Pajak Tontonan (PTo) yang besar ( berkisar 10-20 persen), yang ditetapkan oleh Pemerintah Daerah (Pemda) akan menghambat pertumbuhan bioskop di dalam negeri. Dikhawatirkan kenyataan tersebut bisa memukul industri film nasional juga. Pengusaha bioskop di Tanah Air keberatan dengan penetapan pajak pertunjukan film yang berbeda di tiap daerah.
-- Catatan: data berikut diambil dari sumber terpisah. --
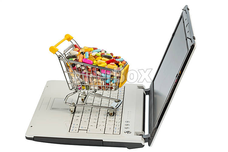 Beschreibung Tabletten mit Einkaufswagen und Computer. Symbolfoto für den Einkauf von Medikamenten im Internet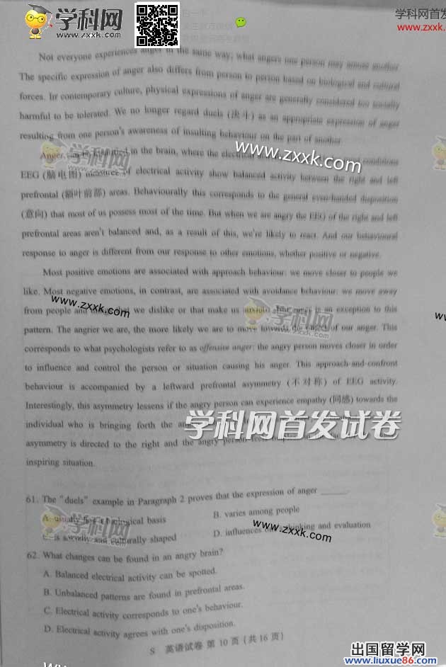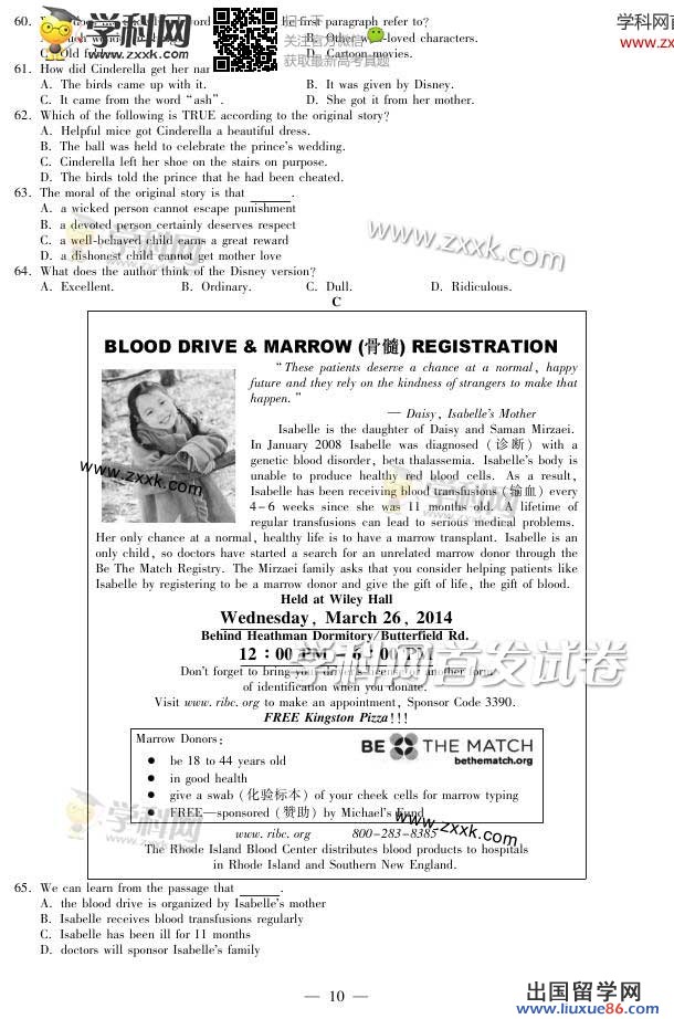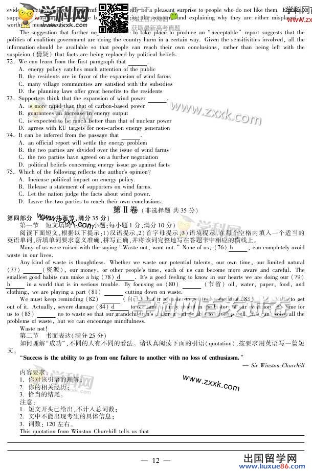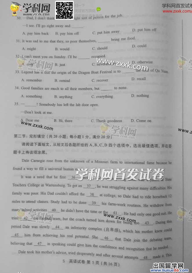 出国留学网为您提供最权威的高考真题及答案信息,经过了连日来的忙碌,现在由出国留学网高考频道为您公布2014山西高考英语真题及答案,供您参考,希望对您有帮助,欢迎您访问出国留学网浏览更多高考真题信息,您还可以按按CTRL+D收藏本站。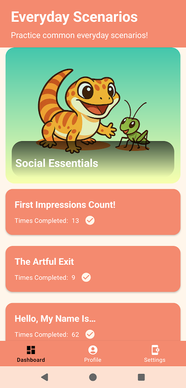 Latih kosakata dan frasa yang relevan bagi Anda, menggunakan Flashcard interaktif dan alat Pencocokan Kata yang dirancang untuk memperkuat kebutuhan bahasa sehari-hari Anda.

Hal ini disebabkan karena Pemda melalui undang-undang Otonomi Daerah mengatur sendiri nilai pajak yang ditetapkan.
Begitu kesimpulan percakapan Djonny Syafrudin, SH Ketua Umum Gabungan Pengelola Bioskop Seluruh Indonesia (GPBSI) dan Direktur Operasional Grup Twenty One (XXI) Jimmy Haryanto di tengah acara halal bihalal bersama beberapa wartawan film di Tekko, Plaza Festival, Jakarta Selatan, Rabu (19/6/2019).
Oleh karenanya GPBSI meminta agar produser film nasional sama-sama memperjuangkan keringanan PTo yang dikenakan oleh pemerintah daerah.
Menurut Djonny, selama ini banyak Pemda yang menerapkan PTo berdasarkan pajak hiburan, sehingga nilainya cukup besar. PTo disamakan dengan pajak karaoke, diskotik, panti pijat atau tempat-tempat hiburan lainnya. Padahal film yang ditayangkan bioskop tidak semata-mata berfungsi sebagai alat hiburan, tetapi juga memiliki fungsi komunikasi dan pendidikan.
“Memang tidak salah juga Pemdanya, karena ketika pajak hiburan ditetapkan, bioskop belum ada di daerahnya. Tetapi ketika ada bioskop, seharusnya Pemda juga membuat klasifikasi. Jadi jangan semata-mata dilihat untuk kepentingan Pendapatan Asli Daerah (PAD), tetapi berdirinya bioskop di sebuah daerah, akan memiliki dampak yang sangat besar bagi daerah itu sendiri,” ungkap Djonny
Kebijakan penerapan pajak secara otonomi ini justru bisa menurunkan minat masyarakat daerah untuk menonton film dengan harga terjangkau. Djonny juga berharap besaran pajak bioskop ditentukan oleh pemerintah pusat, sehingga tidak berbeda-beda di setiap daerah.
Direktur Operasional Grup 21, Jimmy Haryanto menjelaskan besarnya pajak bioskop antara satu daerah dengan daerah lain terasa janggal. Ada bioskop yang jaraknya berdekatan, tetapi pajaknya berbeda jauh. Ia mencontohkan antara Kota Bekasi dan Kabupaten Bekasi. Di Kota Bekasi pajaknya 10 %, tetapi di Kabupaten Bekasi, 30 %. Padahal jaraknya tidak terlalu jauh. Begitu juga antara Cirebon dan Plered yang jaraknya berdekatan. Di Cirebon 10 % di Plered 25 %.